# TASK
After finding the line with "1 Set Dentistry" in the entries below, retype exactly each line from there through the line with "물을 한번 부을때마다", including that final line.
** INPUT RECORDS follows **
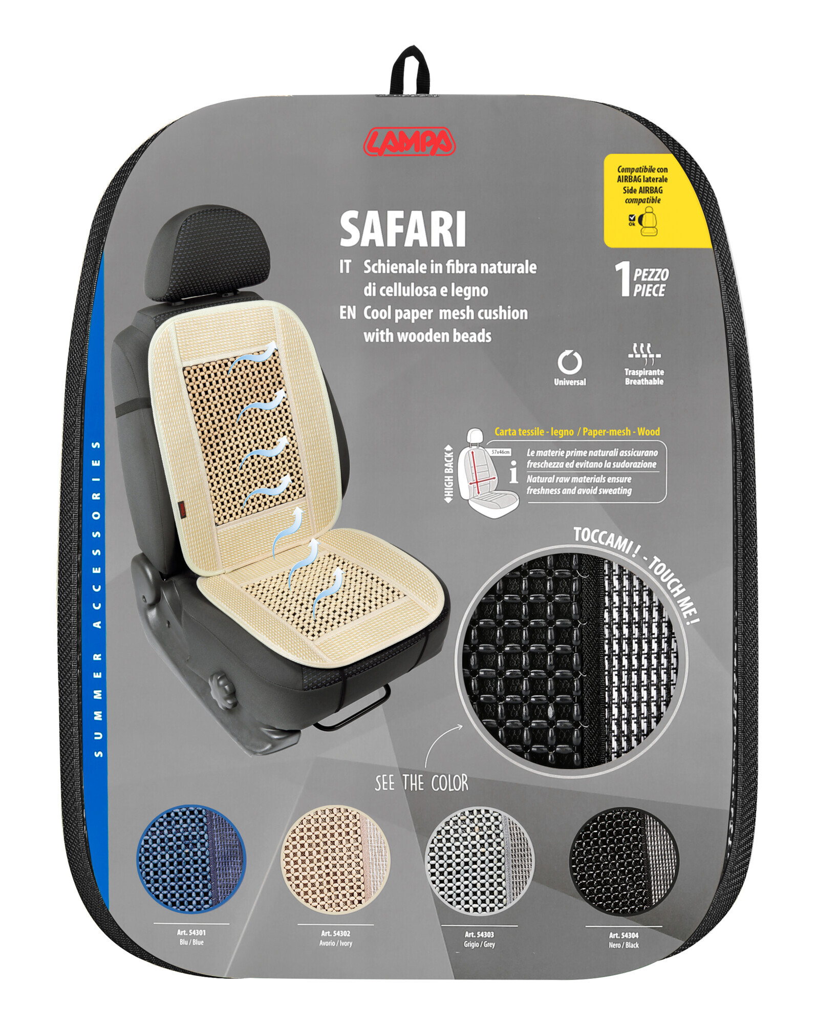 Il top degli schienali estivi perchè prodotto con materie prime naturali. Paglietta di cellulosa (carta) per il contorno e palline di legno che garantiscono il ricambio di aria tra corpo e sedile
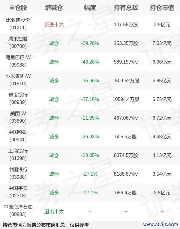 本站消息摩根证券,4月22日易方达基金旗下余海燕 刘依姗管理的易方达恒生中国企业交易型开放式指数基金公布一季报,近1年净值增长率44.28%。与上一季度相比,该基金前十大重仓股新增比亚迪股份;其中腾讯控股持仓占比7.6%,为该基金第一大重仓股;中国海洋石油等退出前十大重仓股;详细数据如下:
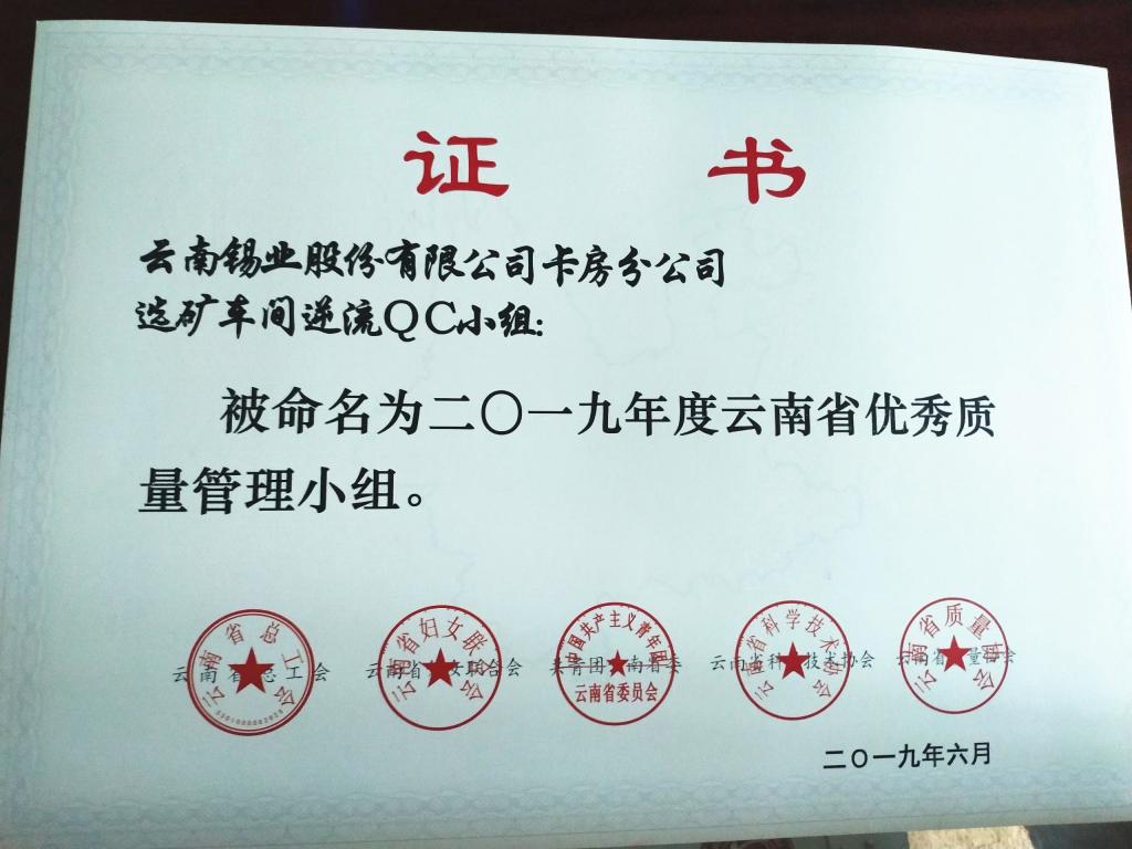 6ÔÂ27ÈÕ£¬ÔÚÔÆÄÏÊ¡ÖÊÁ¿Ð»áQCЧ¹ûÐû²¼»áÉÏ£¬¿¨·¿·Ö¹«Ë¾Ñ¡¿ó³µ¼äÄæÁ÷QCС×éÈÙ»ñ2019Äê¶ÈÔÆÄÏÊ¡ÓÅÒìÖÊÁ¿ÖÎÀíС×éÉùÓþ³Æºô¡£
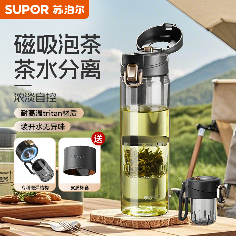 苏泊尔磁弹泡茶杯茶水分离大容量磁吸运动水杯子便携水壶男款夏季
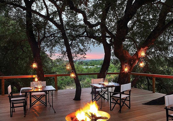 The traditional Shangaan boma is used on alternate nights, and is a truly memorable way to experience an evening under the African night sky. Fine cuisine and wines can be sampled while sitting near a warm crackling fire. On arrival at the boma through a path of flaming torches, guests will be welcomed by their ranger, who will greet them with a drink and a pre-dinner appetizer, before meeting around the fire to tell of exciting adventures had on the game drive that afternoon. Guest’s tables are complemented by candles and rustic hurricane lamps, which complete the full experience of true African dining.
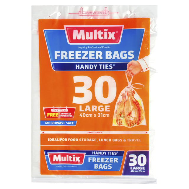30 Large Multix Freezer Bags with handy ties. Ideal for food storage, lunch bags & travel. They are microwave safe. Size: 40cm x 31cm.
** End of INPUT RECORDS **
** INPUT RECORDS follows **
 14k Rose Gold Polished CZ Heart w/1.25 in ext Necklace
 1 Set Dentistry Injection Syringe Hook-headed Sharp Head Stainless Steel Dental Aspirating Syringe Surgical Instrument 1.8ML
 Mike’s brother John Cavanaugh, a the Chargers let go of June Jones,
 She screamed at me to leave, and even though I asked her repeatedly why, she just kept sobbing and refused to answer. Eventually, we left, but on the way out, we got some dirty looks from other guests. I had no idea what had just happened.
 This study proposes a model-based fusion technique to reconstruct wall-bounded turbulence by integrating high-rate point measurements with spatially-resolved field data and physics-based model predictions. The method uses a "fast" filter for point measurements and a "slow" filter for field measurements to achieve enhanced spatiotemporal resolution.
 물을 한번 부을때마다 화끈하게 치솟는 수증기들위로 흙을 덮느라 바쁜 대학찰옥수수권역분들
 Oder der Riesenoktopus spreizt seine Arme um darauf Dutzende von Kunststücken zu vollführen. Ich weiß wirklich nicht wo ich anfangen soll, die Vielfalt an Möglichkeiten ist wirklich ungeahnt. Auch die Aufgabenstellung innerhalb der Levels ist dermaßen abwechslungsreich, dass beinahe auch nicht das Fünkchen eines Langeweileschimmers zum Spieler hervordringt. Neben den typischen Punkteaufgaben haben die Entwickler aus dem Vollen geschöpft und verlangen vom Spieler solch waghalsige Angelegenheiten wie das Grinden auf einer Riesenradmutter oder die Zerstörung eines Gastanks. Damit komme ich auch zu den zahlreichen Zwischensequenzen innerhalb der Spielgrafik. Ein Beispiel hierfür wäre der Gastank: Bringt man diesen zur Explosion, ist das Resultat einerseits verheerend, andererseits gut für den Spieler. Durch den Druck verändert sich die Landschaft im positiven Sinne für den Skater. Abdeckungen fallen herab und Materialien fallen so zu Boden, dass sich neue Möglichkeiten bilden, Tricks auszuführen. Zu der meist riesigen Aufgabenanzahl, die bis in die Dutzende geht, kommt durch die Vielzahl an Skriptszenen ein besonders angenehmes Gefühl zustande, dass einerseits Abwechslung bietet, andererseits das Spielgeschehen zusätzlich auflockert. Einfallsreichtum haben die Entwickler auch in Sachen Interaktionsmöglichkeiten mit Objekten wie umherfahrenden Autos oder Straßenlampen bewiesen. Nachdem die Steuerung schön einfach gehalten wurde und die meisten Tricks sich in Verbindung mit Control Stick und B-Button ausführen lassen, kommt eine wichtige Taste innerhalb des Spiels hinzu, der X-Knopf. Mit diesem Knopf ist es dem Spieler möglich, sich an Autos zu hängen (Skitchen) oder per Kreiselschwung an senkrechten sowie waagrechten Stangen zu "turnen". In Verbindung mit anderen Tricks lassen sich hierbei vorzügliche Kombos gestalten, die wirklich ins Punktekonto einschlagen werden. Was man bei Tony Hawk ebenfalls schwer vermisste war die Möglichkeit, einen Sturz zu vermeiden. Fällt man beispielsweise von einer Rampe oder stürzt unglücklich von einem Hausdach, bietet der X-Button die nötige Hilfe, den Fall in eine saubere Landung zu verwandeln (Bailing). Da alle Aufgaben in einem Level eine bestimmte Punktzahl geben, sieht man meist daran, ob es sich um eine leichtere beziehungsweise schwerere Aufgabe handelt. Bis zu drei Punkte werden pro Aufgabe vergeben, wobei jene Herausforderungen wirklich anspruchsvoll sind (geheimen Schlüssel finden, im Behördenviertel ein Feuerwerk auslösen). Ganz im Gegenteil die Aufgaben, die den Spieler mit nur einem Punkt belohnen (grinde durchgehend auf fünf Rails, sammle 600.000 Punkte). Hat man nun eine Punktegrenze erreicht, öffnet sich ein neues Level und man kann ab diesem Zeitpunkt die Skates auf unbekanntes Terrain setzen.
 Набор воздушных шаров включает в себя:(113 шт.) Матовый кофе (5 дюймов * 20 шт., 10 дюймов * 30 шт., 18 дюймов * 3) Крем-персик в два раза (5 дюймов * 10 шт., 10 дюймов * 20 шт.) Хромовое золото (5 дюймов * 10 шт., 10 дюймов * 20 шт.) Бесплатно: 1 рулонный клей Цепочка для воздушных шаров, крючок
** End of INPUT RECORDS **
** INPUT RECORDS follows **
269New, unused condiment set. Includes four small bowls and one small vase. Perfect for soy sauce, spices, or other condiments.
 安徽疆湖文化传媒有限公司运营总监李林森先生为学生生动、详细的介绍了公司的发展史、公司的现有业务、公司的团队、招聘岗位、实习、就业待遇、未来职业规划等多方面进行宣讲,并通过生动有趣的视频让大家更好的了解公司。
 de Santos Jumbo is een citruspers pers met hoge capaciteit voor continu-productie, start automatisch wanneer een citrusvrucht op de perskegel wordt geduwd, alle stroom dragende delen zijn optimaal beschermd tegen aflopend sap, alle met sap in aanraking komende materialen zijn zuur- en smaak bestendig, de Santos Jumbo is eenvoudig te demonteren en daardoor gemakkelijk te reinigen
** End of INPUT RECORDS **
# EXERCISE RESULT
 1 Set Dentistry Injection Syringe Hook-headed Sharp Head Stainless Steel Dental Aspirating Syringe Surgical Instrument 1.8ML
 Mike’s brother John Cavanaugh, a the Chargers let go of June Jones,
 She screamed at me to leave, and even though I asked her repeatedly why, she just kept sobbing and refused to answer. Eventually, we left, but on the way out, we got some dirty looks from other guests. I had no idea what had just happened.
 This study proposes a model-based fusion technique to reconstruct wall-bounded turbulence by integrating high-rate point measurements with spatially-resolved field data and physics-based model predictions. The method uses a "fast" filter for point measurements and a "slow" filter for field measurements to achieve enhanced spatiotemporal resolution.
 물을 한번 부을때마다 화끈하게 치솟는 수증기들위로 흙을 덮느라 바쁜 대학찰옥수수권역분들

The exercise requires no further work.